What you will do | Restate each line below word for word, skipping every picture.

*** Dataset content ***

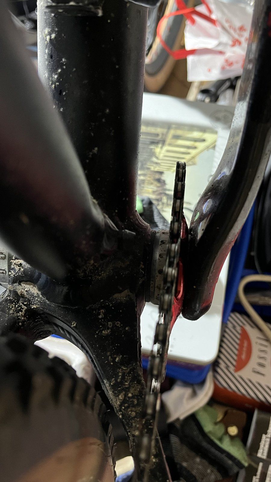 Ich weiß ehrlich gesagt nicht, bis zu welcher Reifenbreite das wirklich funktioniert, einerseits sind die Kettenstreben begrenzend, andererseits aber auch ggf. der Umwerfer bei 2x9.
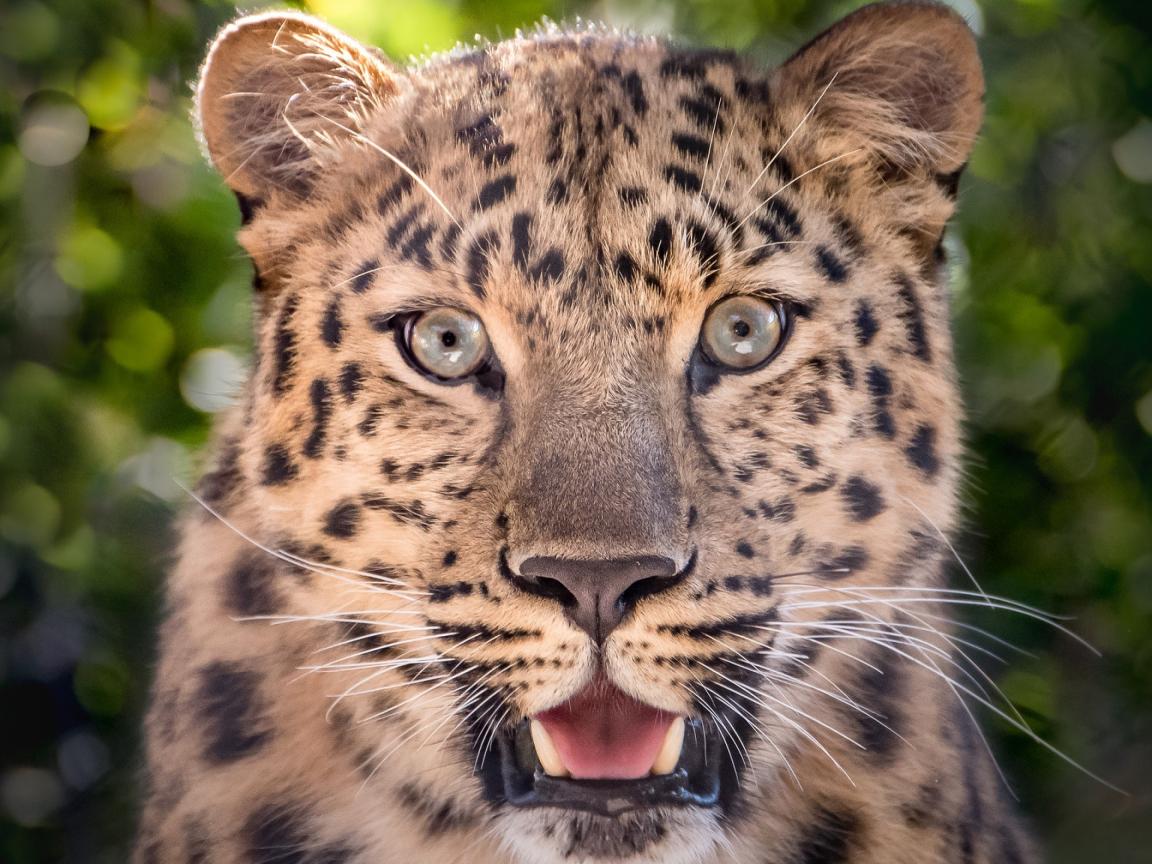 Обои Пятнистый леопард с открытой пастью
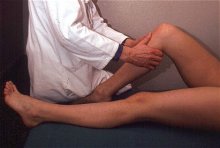 ____Le patient doit enlever chaussures et pantalon de façon à permettre un examen bilatéral comparatif. Il est installé confortablement sur la table d’examen en décubitus dorsal. Il faut qu’il soit suffisamment relâché en reposant en totalité sur cette table, y compris ses talons qui ne doivent pas dépasser.

*** End of Dataset content ***

Answer section |
 Ich weiß ehrlich gesagt nicht, bis zu welcher Reifenbreite das wirklich funktioniert, einerseits sind die Kettenstreben begrenzend, andererseits aber auch ggf. der Umwerfer bei 2x9.
 Обои Пятнистый леопард с открытой пастью
 ____Le patient doit enlever chaussures et pantalon de façon à permettre un examen bilatéral comparatif. Il est installé confortablement sur la table d’examen en décubitus dorsal. Il faut qu’il soit suffisamment relâché en reposant en totalité sur cette table, y compris ses talons qui ne doivent pas dépasser.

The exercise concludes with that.